- Material provided:
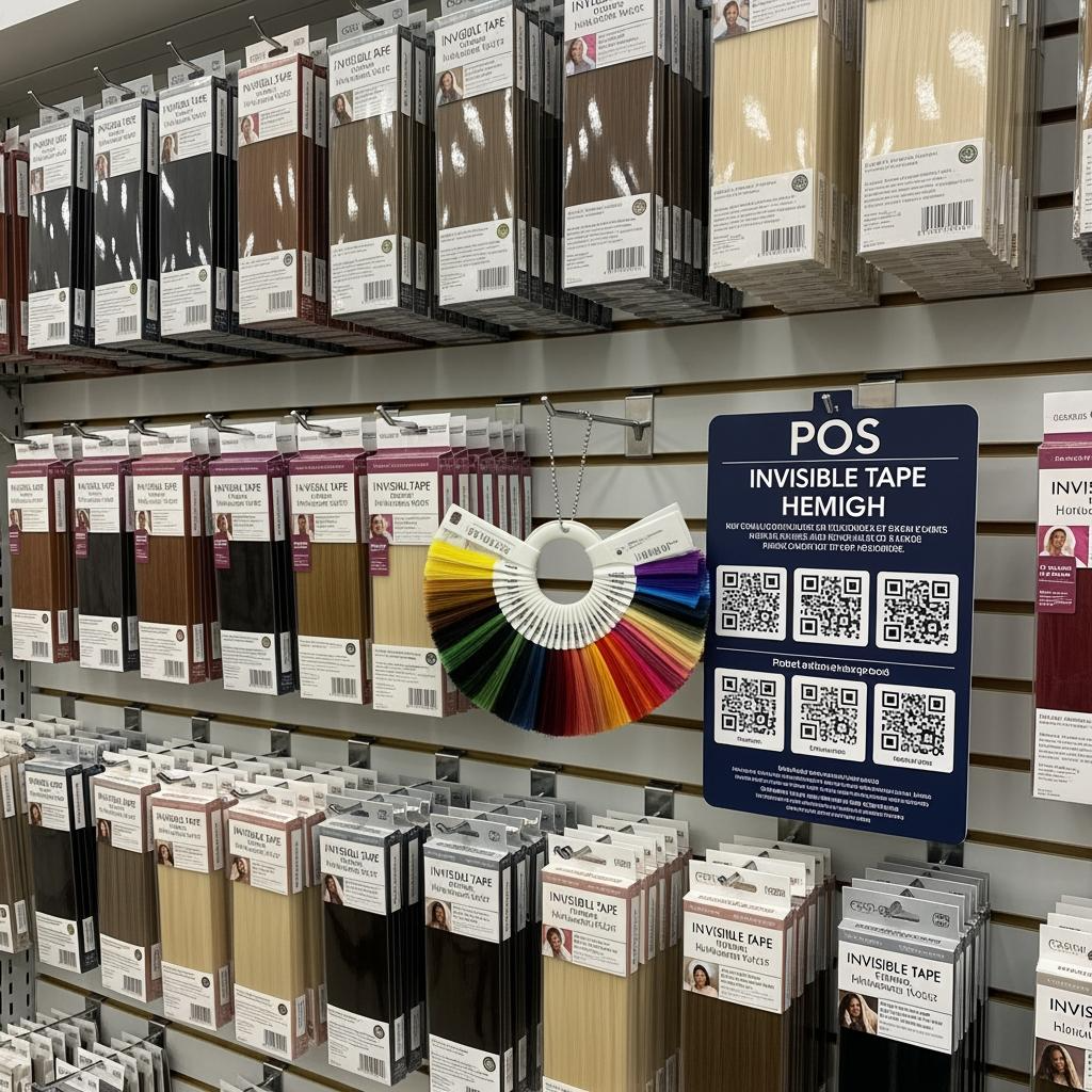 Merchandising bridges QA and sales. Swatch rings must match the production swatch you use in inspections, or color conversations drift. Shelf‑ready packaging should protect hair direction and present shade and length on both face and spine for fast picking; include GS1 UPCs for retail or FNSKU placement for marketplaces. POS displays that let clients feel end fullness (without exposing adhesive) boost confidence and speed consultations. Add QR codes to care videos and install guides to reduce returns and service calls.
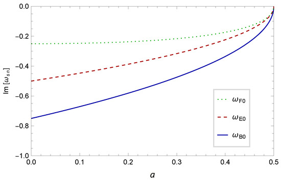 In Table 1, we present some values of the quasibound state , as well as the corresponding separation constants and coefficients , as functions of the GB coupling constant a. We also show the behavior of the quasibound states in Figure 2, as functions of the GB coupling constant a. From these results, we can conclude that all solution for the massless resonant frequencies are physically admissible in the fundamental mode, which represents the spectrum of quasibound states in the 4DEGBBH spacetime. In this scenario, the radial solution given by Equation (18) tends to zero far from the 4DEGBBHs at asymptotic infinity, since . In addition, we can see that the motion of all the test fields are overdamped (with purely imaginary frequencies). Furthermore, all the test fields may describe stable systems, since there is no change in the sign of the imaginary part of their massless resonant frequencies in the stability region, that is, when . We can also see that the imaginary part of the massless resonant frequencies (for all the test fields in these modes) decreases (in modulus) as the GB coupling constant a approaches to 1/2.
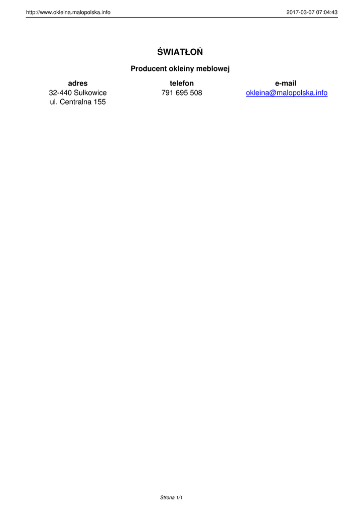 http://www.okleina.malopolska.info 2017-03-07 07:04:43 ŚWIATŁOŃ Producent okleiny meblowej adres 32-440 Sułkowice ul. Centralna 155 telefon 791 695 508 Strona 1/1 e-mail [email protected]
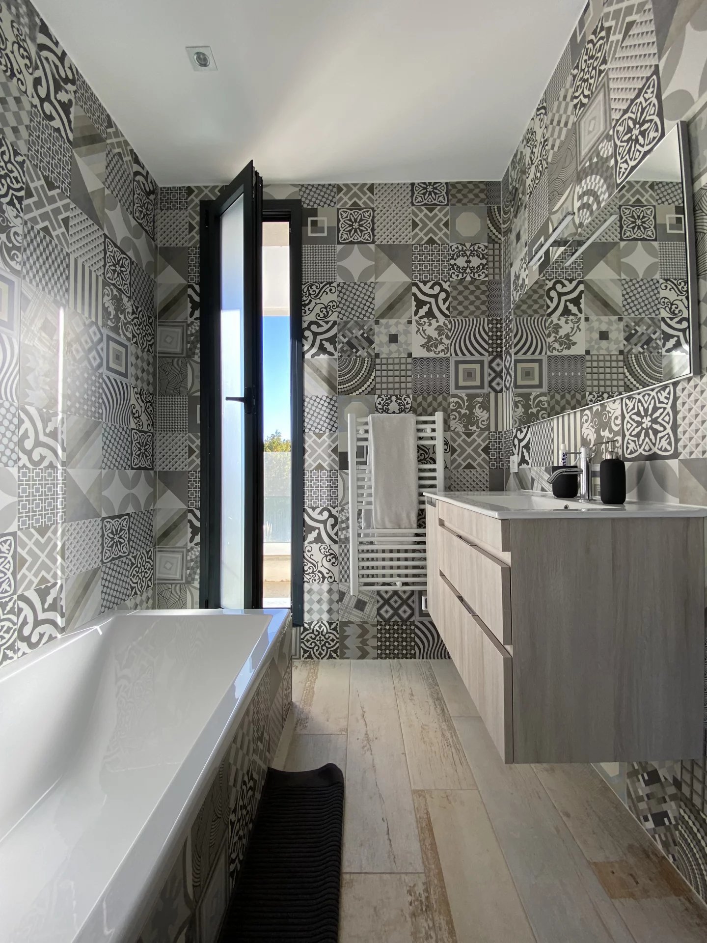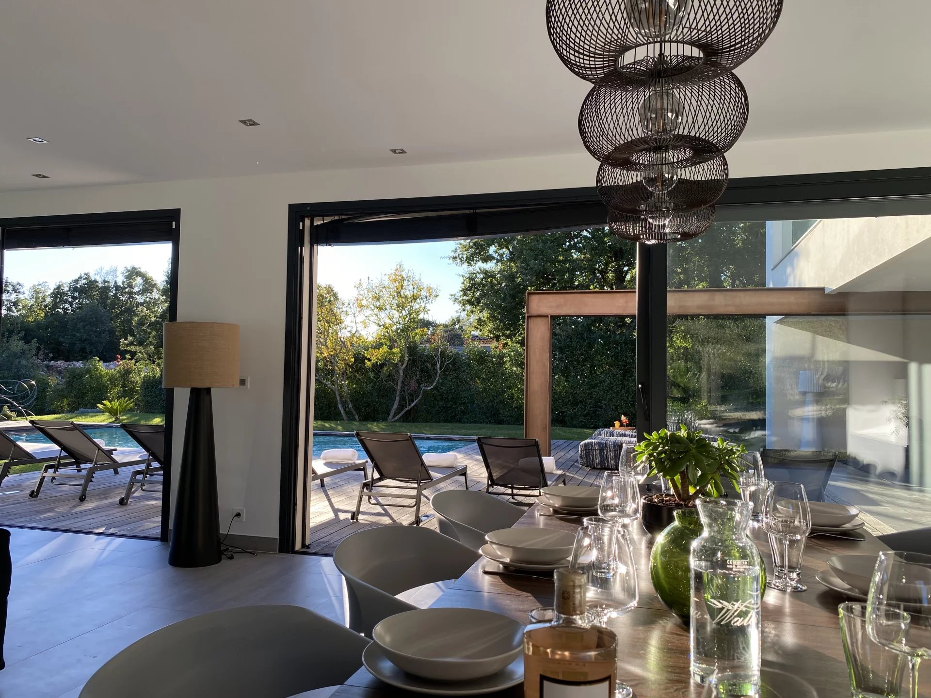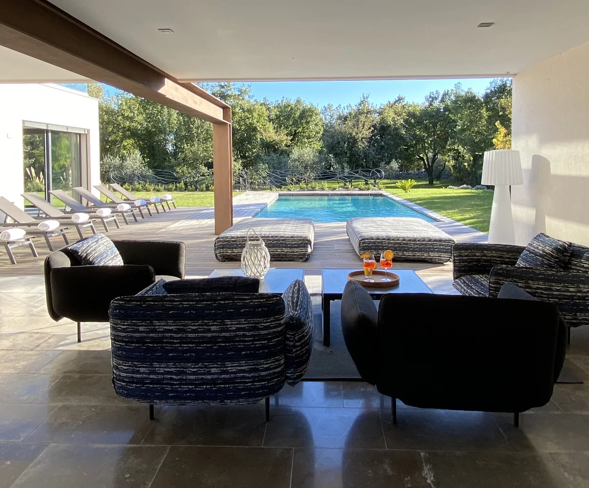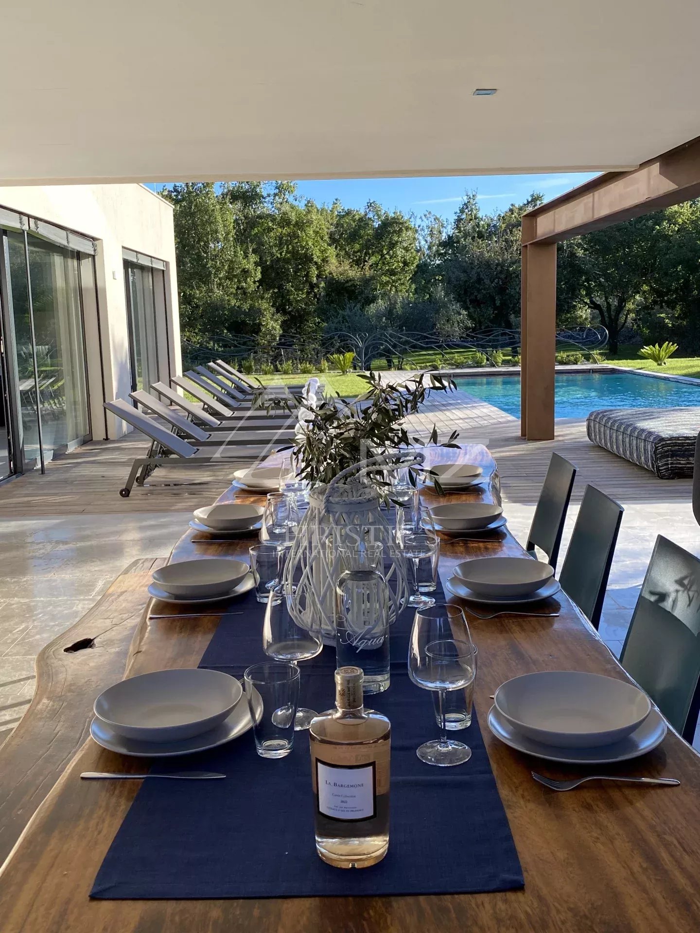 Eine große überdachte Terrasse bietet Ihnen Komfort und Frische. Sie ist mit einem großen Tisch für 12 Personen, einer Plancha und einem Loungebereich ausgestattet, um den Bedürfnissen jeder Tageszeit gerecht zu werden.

- The task: Set down the material again exactly. Don't carry over any pictures.

- Response:
 Merchandising bridges QA and sales. Swatch rings must match the production swatch you use in inspections, or color conversations drift. Shelf‑ready packaging should protect hair direction and present shade and length on both face and spine for fast picking; include GS1 UPCs for retail or FNSKU placement for marketplaces. POS displays that let clients feel end fullness (without exposing adhesive) boost confidence and speed consultations. Add QR codes to care videos and install guides to reduce returns and service calls.
 In Table 1, we present some values of the quasibound state , as well as the corresponding separation constants and coefficients , as functions of the GB coupling constant a. We also show the behavior of the quasibound states in Figure 2, as functions of the GB coupling constant a. From these results, we can conclude that all solution for the massless resonant frequencies are physically admissible in the fundamental mode, which represents the spectrum of quasibound states in the 4DEGBBH spacetime. In this scenario, the radial solution given by Equation (18) tends to zero far from the 4DEGBBHs at asymptotic infinity, since . In addition, we can see that the motion of all the test fields are overdamped (with purely imaginary frequencies). Furthermore, all the test fields may describe stable systems, since there is no change in the sign of the imaginary part of their massless resonant frequencies in the stability region, that is, when . We can also see that the imaginary part of the massless resonant frequencies (for all the test fields in these modes) decreases (in modulus) as the GB coupling constant a approaches to 1/2.
 http://www.okleina.malopolska.info 2017-03-07 07:04:43 ŚWIATŁOŃ Producent okleiny meblowej adres 32-440 Sułkowice ul. Centralna 155 telefon 791 695 508 Strona 1/1 e-mail [email protected]
 Eine große überdachte Terrasse bietet Ihnen Komfort und Frische. Sie ist mit einem großen Tisch für 12 Personen, einer Plancha und einem Loungebereich ausgestattet, um den Bedürfnissen jeder Tageszeit gerecht zu werden.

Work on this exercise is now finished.